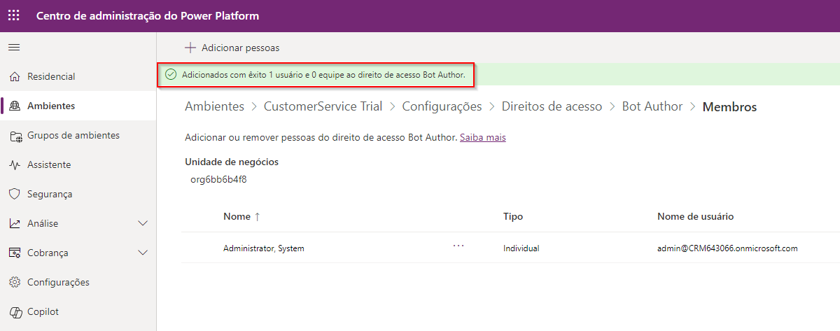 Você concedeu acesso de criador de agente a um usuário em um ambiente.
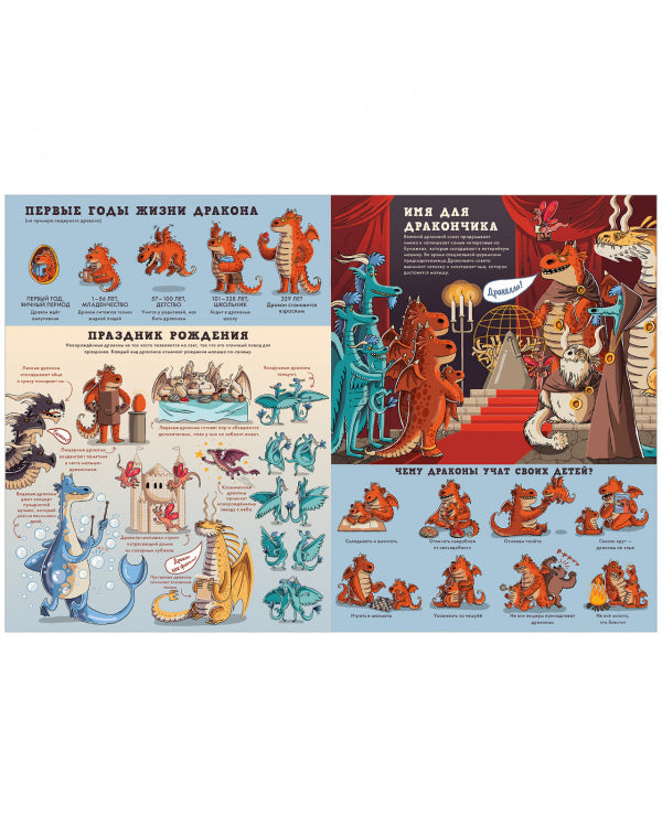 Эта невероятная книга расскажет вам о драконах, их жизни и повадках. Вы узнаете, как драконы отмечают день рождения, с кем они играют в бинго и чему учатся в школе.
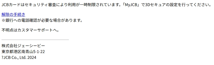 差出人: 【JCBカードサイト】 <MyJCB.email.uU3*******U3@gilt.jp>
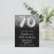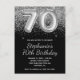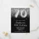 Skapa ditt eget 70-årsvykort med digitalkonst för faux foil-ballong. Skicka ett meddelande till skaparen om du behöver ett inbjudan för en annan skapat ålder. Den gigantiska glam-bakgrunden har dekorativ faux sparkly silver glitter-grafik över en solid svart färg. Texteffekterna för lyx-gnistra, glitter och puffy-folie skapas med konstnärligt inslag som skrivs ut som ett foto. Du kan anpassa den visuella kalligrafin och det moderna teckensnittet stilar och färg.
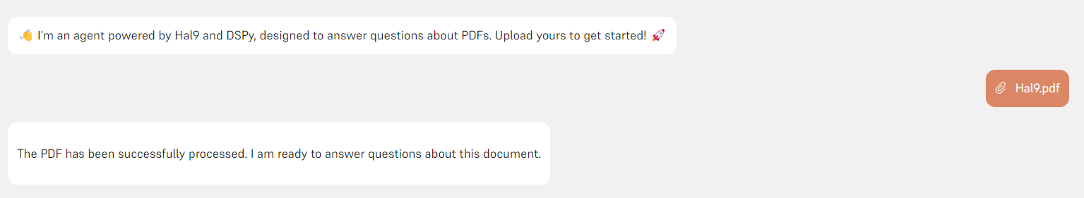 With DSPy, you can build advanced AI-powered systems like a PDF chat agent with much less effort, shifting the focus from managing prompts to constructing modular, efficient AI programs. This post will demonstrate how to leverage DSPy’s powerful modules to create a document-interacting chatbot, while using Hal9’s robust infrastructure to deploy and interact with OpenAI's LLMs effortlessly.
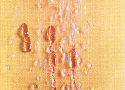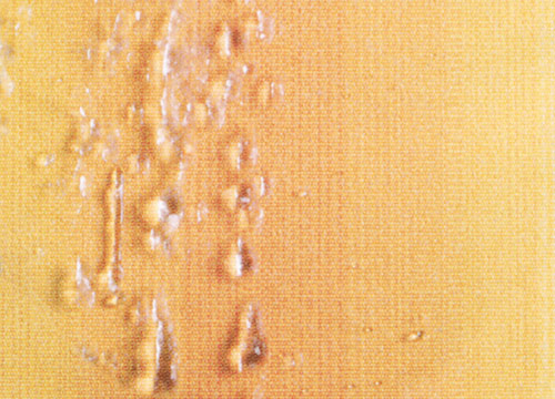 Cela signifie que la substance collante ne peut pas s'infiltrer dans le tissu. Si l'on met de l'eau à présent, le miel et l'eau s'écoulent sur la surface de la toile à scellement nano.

● **PROBLEM REQUIREMENTS**: Would you return the material exactly, images excluded?

● **SOLUTION TO THE PROBLEM**:
 Você concedeu acesso de criador de agente a um usuário em um ambiente.
 Эта невероятная книга расскажет вам о драконах, их жизни и повадках. Вы узнаете, как драконы отмечают день рождения, с кем они играют в бинго и чему учатся в школе.
 差出人: 【JCBカードサイト】 <MyJCB.email.uU3*******U3@gilt.jp>
 Skapa ditt eget 70-årsvykort med digitalkonst för faux foil-ballong. Skicka ett meddelande till skaparen om du behöver ett inbjudan för en annan skapat ålder. Den gigantiska glam-bakgrunden har dekorativ faux sparkly silver glitter-grafik över en solid svart färg. Texteffekterna för lyx-gnistra, glitter och puffy-folie skapas med konstnärligt inslag som skrivs ut som ett foto. Du kan anpassa den visuella kalligrafin och det moderna teckensnittet stilar och färg.
 With DSPy, you can build advanced AI-powered systems like a PDF chat agent with much less effort, shifting the focus from managing prompts to constructing modular, efficient AI programs. This post will demonstrate how to leverage DSPy’s powerful modules to create a document-interacting chatbot, while using Hal9’s robust infrastructure to deploy and interact with OpenAI's LLMs effortlessly.
 Cela signifie que la substance collante ne peut pas s'infiltrer dans le tissu. Si l'on met de l'eau à présent, le miel et l'eau s'écoulent sur la surface de la toile à scellement nano.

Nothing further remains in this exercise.